### PROBLEM REQUIREMENTS
Every entry should be returned unchanged, with the pictures omitted.

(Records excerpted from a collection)
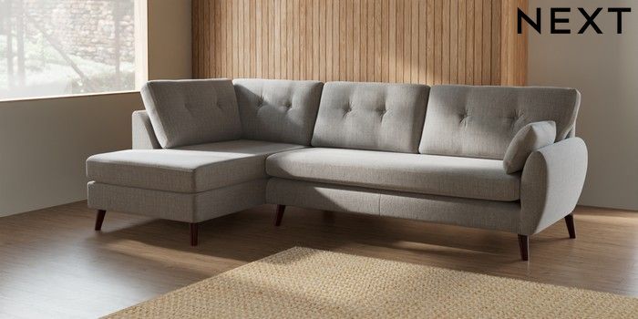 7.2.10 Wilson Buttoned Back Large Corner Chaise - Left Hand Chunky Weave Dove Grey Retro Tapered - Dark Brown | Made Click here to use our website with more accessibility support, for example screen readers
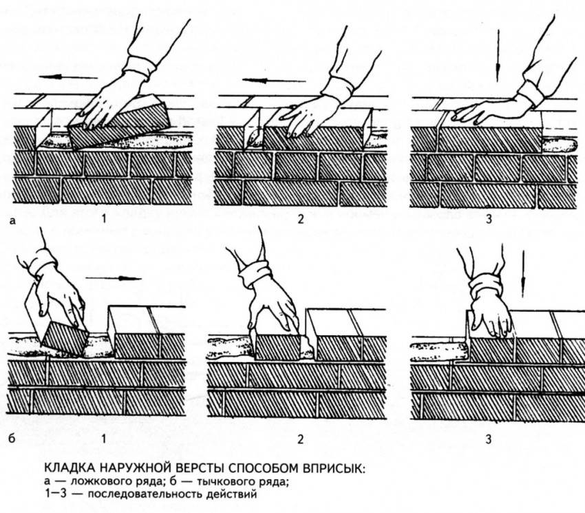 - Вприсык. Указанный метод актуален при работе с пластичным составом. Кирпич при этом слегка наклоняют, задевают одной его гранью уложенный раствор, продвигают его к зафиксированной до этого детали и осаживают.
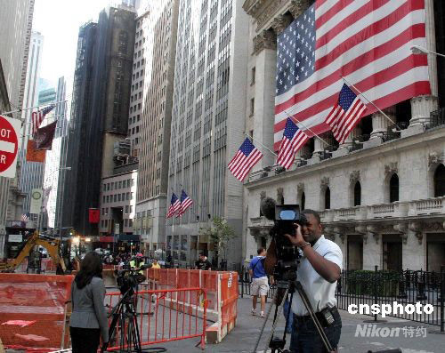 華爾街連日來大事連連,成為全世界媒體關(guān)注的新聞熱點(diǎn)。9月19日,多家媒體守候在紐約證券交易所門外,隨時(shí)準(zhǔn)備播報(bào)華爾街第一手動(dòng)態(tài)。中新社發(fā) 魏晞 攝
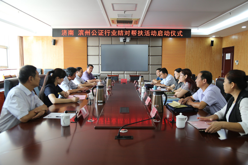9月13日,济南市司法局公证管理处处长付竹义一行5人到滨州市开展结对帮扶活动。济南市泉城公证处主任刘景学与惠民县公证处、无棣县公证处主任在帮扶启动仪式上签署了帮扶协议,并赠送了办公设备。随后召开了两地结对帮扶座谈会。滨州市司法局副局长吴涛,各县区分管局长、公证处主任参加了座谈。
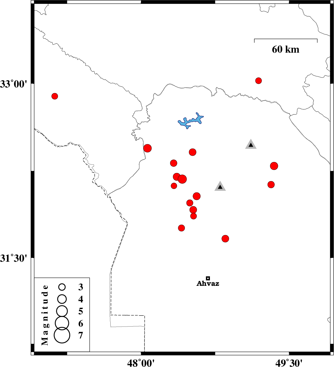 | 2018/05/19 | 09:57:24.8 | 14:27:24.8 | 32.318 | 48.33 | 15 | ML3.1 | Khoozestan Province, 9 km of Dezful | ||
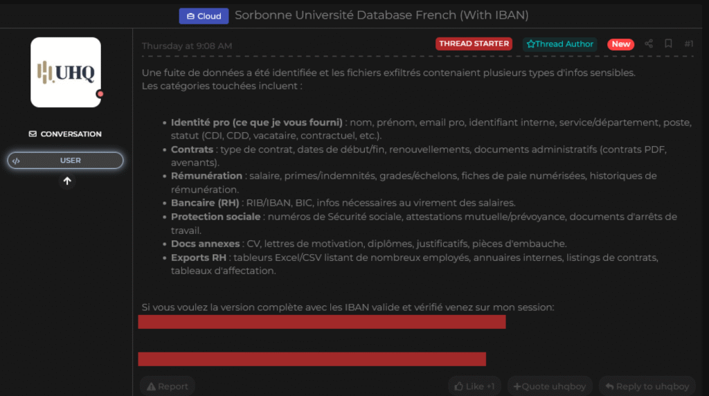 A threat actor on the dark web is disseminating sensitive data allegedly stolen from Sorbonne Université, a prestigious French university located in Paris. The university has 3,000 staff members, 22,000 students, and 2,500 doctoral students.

### OUTPUT FOR THIS EXERCISE
 7.2.10 Wilson Buttoned Back Large Corner Chaise - Left Hand Chunky Weave Dove Grey Retro Tapered - Dark Brown | Made Click here to use our website with more accessibility support, for example screen readers
 - Вприсык. Указанный метод актуален при работе с пластичным составом. Кирпич при этом слегка наклоняют, задевают одной его гранью уложенный раствор, продвигают его к зафиксированной до этого детали и осаживают.
 華爾街連日來大事連連,成為全世界媒體關(guān)注的新聞熱點(diǎn)。9月19日,多家媒體守候在紐約證券交易所門外,隨時(shí)準(zhǔn)備播報(bào)華爾街第一手動(dòng)態(tài)。中新社發(fā) 魏晞 攝
9月13日,济南市司法局公证管理处处长付竹义一行5人到滨州市开展结对帮扶活动。济南市泉城公证处主任刘景学与惠民县公证处、无棣县公证处主任在帮扶启动仪式上签署了帮扶协议,并赠送了办公设备。随后召开了两地结对帮扶座谈会。滨州市司法局副局长吴涛,各县区分管局长、公证处主任参加了座谈。
 | 2018/05/19 | 09:57:24.8 | 14:27:24.8 | 32.318 | 48.33 | 15 | ML3.1 | Khoozestan Province, 9 km of Dezful | ||
 A threat actor on the dark web is disseminating sensitive data allegedly stolen from Sorbonne Université, a prestigious French university located in Paris. The university has 3,000 staff members, 22,000 students, and 2,500 doctoral students.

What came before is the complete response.